■ Work request: Reproduce from the records below, with no pictures, exactly the lines between the one containing "Gashapon d'occasion et" and the one containing "stainless steel appliances.", inclusive.

___ Records for the task

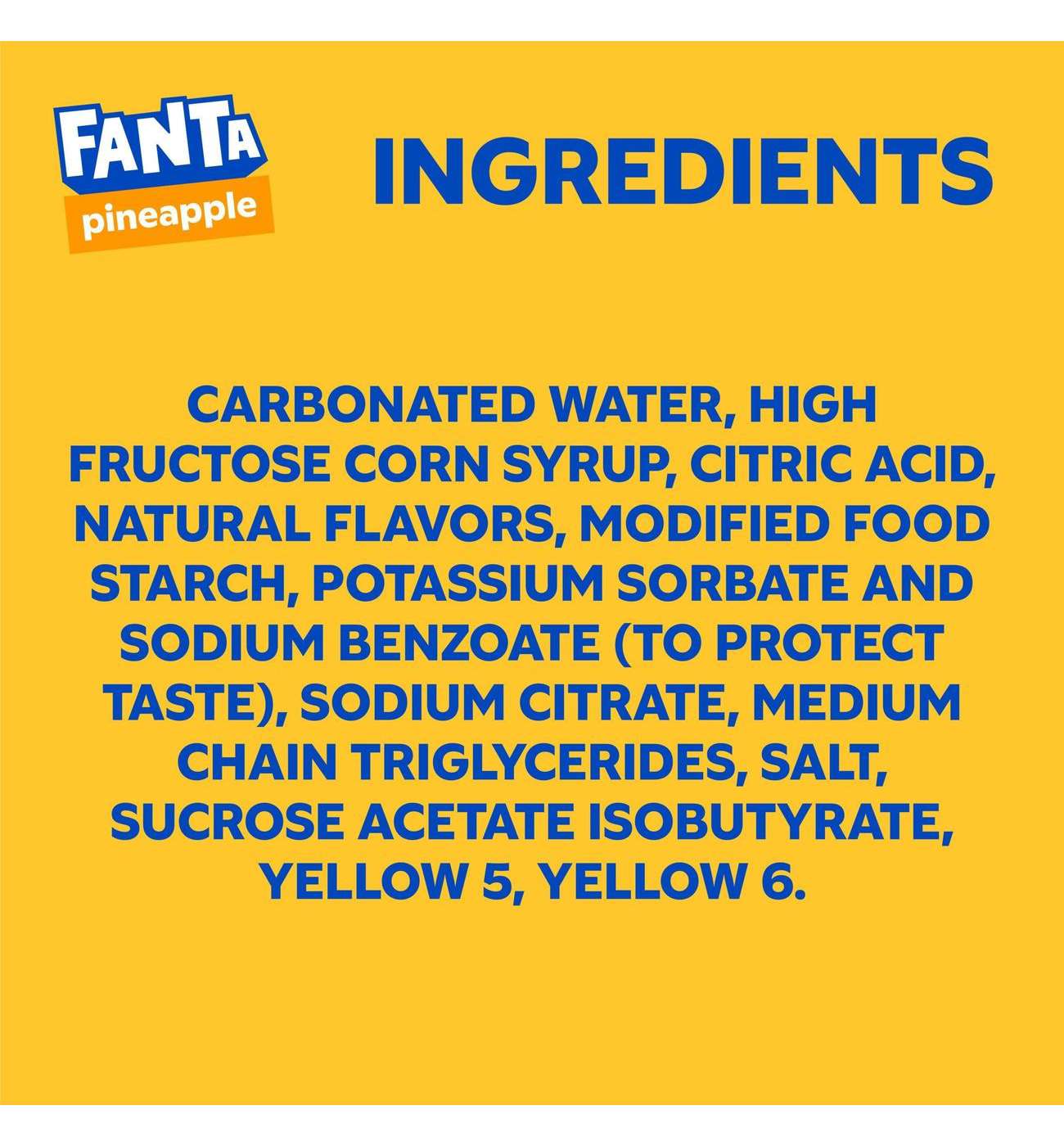 Welcome to a world bursting with flavor! Fanta Pineapple Soda is the delicious, caffeine-free soda that turns your everyday moments into vibrant celebrations. This fizzy and refreshing pineapple fruit-flavored soda glimmers with every sip. It's just what you want when you're looking for something to awaken your taste buds and add a burst of fun to any moment.Tropical pineapple fruit flavor offers a refreshing taste as playful as you are, so each sip of this delicious soda promises lip-smacking refreshment. Liberate your wants and turn everyday moments into moments of delight with Fanta Pineapple Soda.Whether you're planning a party, pairing with your favorite snack or simply enjoying a pop of flavor, Fanta Pineapple Soda is the drink you don't need but really, really want. So go ahead, embrace the lip-smacking refreshment and add a burst of fun to any occasion. At Fanta, we only have one question for you: Wanta?
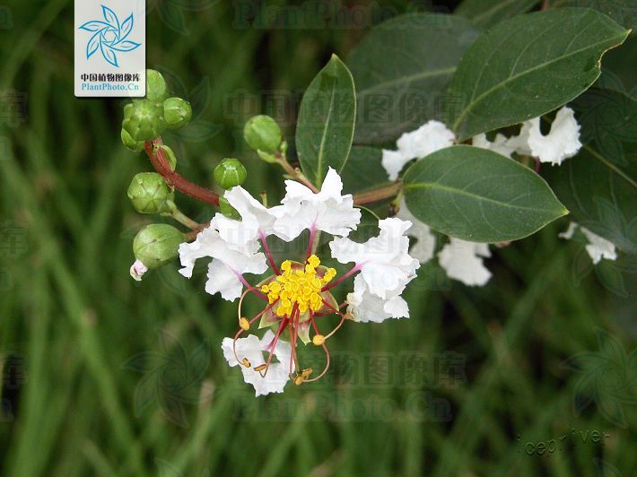 介绍:千屈菜科紫薇属,花白色或微带淡堇色;叶色淡绿。
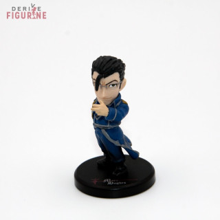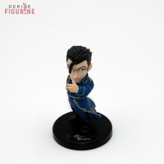 Gashapon d'occasion et officiel de Maes Hughes en PVC qui mesure environ 5,5 centimètres de haut. La figurine possède de nombreux détails comme ses lunettes et les poils de sa barbe. Il s'agit d'un objet d'occasion en parfait état. Le fabricant est Bandai, vendu sans boîte.
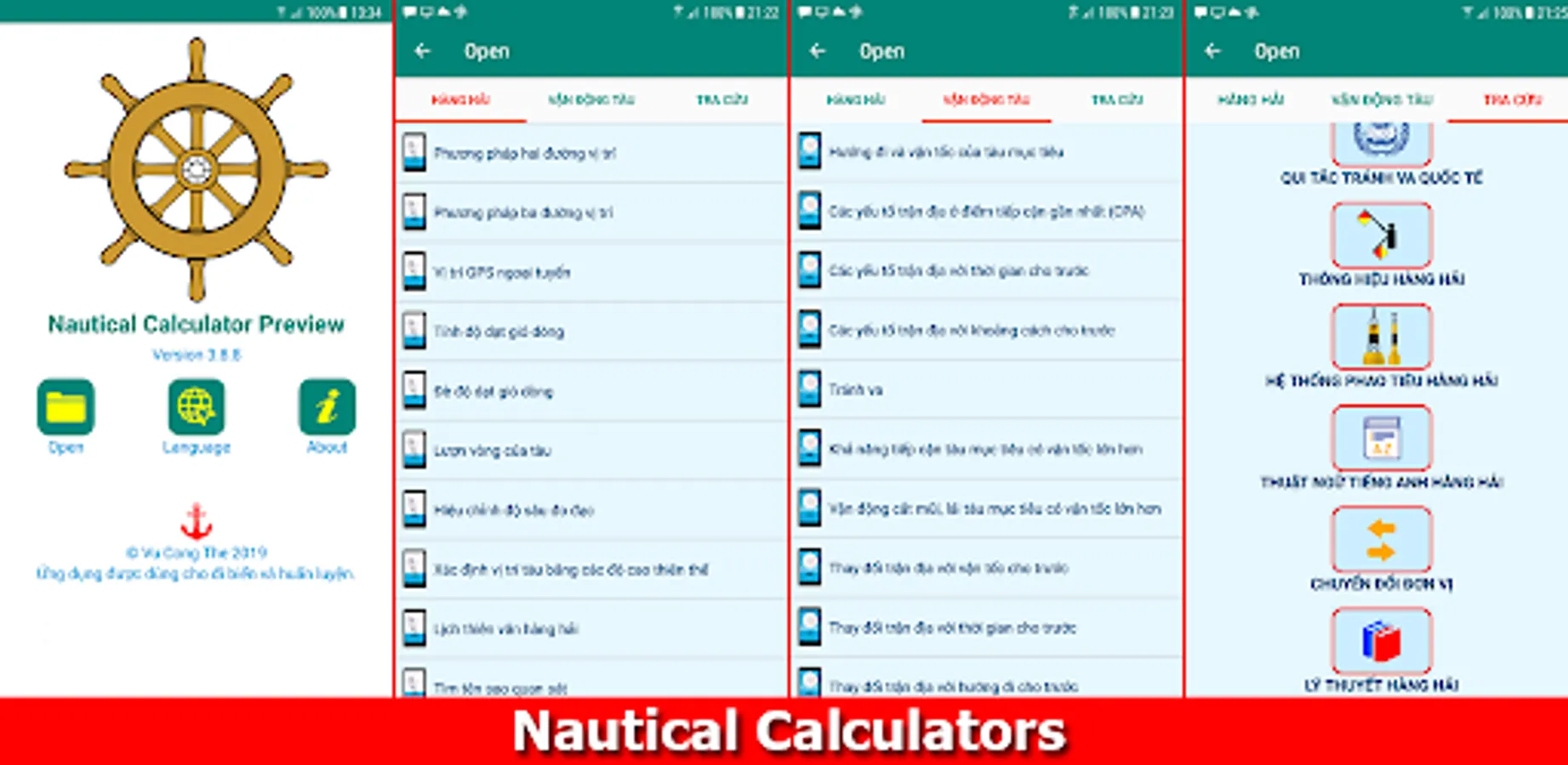 - Các tính toán hàng hải và vận động tàu, bao gồm :
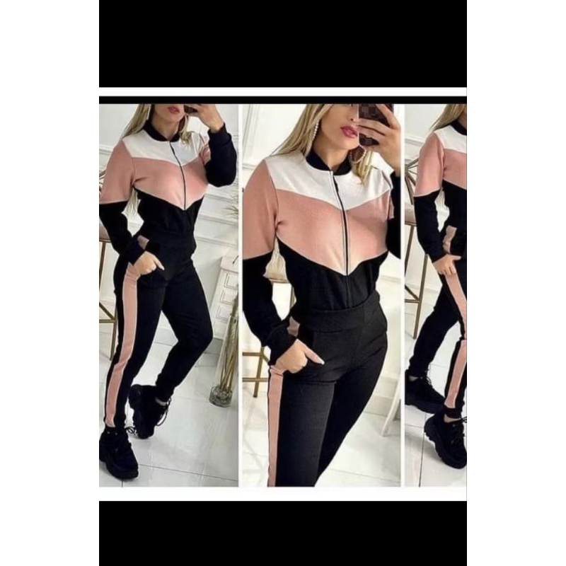conjunto femenino inverno calça blusa manga longa malha crepé
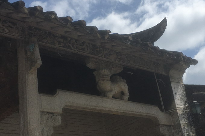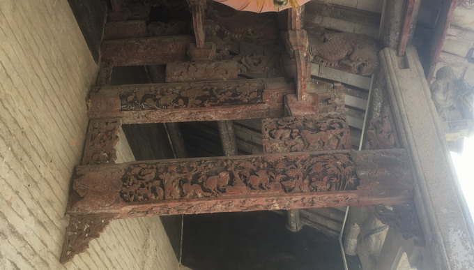 该祠比“曾氏宗祠”晚建约三十余年,此时可能经济上比较充裕,其结构、用材、装饰均比“曾氏宗祠”要讲究得多。祠堂主体建筑分门楼、中堂、后堂,主体建筑之间为天井及两侧廊闭合,天井排水设施完善,尽管四檐滴水,从未有水浸现象。天井两侧廊有小门形成内部巷道。
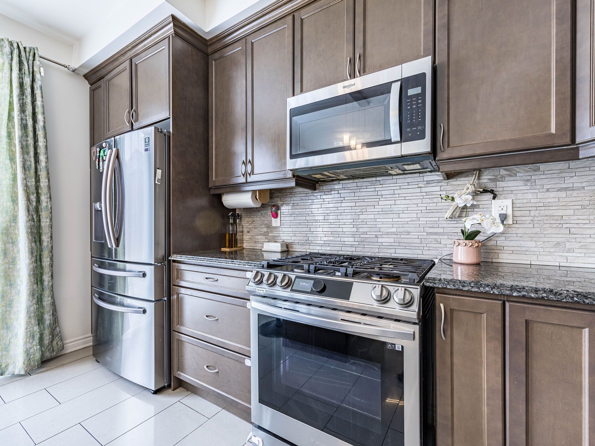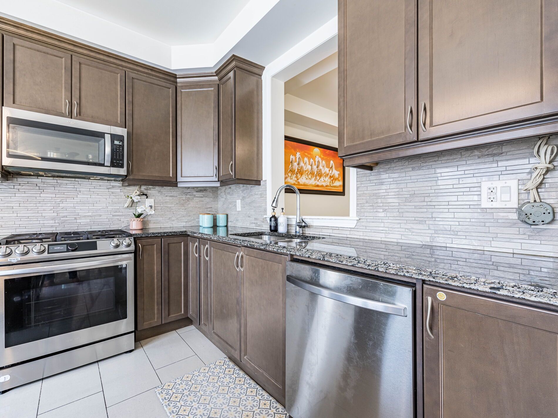 • Modern kitchen with granite countertops and premium stainless steel appliances.
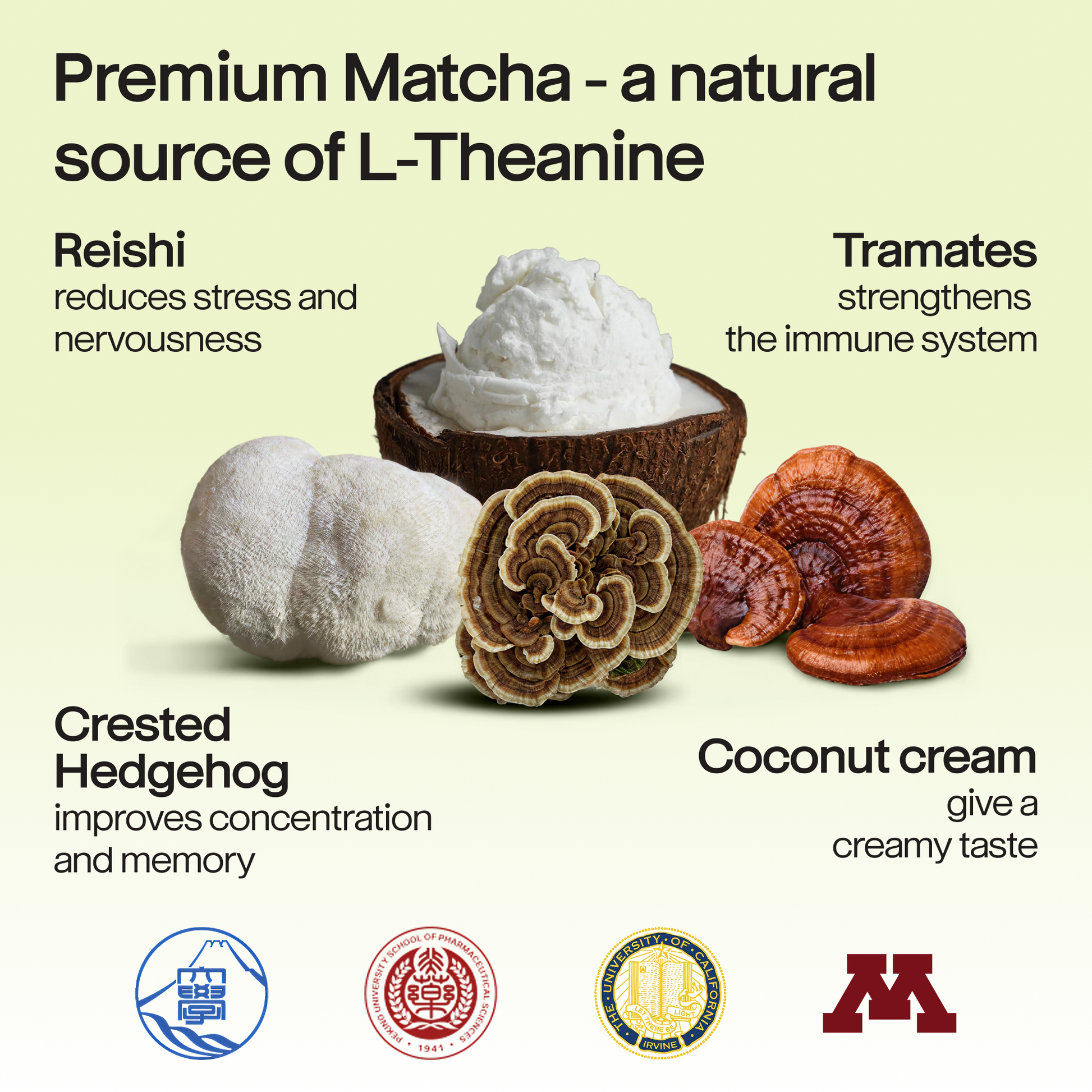 Elevated cortisol levels from chronic stress can lead to exhaustion and reduced cognitive function.L-Theanine and adaptogenic mushrooms have natural calming properties, helping lower stress, stabilize the nervous system, and maintain balance in the body.

______

■ Solved exercise:
 Gashapon d'occasion et officiel de Maes Hughes en PVC qui mesure environ 5,5 centimètres de haut. La figurine possède de nombreux détails comme ses lunettes et les poils de sa barbe. Il s'agit d'un objet d'occasion en parfait état. Le fabricant est Bandai, vendu sans boîte.
 - Các tính toán hàng hải và vận động tàu, bao gồm :
conjunto femenino inverno calça blusa manga longa malha crepé
 该祠比“曾氏宗祠”晚建约三十余年,此时可能经济上比较充裕,其结构、用材、装饰均比“曾氏宗祠”要讲究得多。祠堂主体建筑分门楼、中堂、后堂,主体建筑之间为天井及两侧廊闭合,天井排水设施完善,尽管四檐滴水,从未有水浸现象。天井两侧廊有小门形成内部巷道。
 • Modern kitchen with granite countertops and premium stainless steel appliances.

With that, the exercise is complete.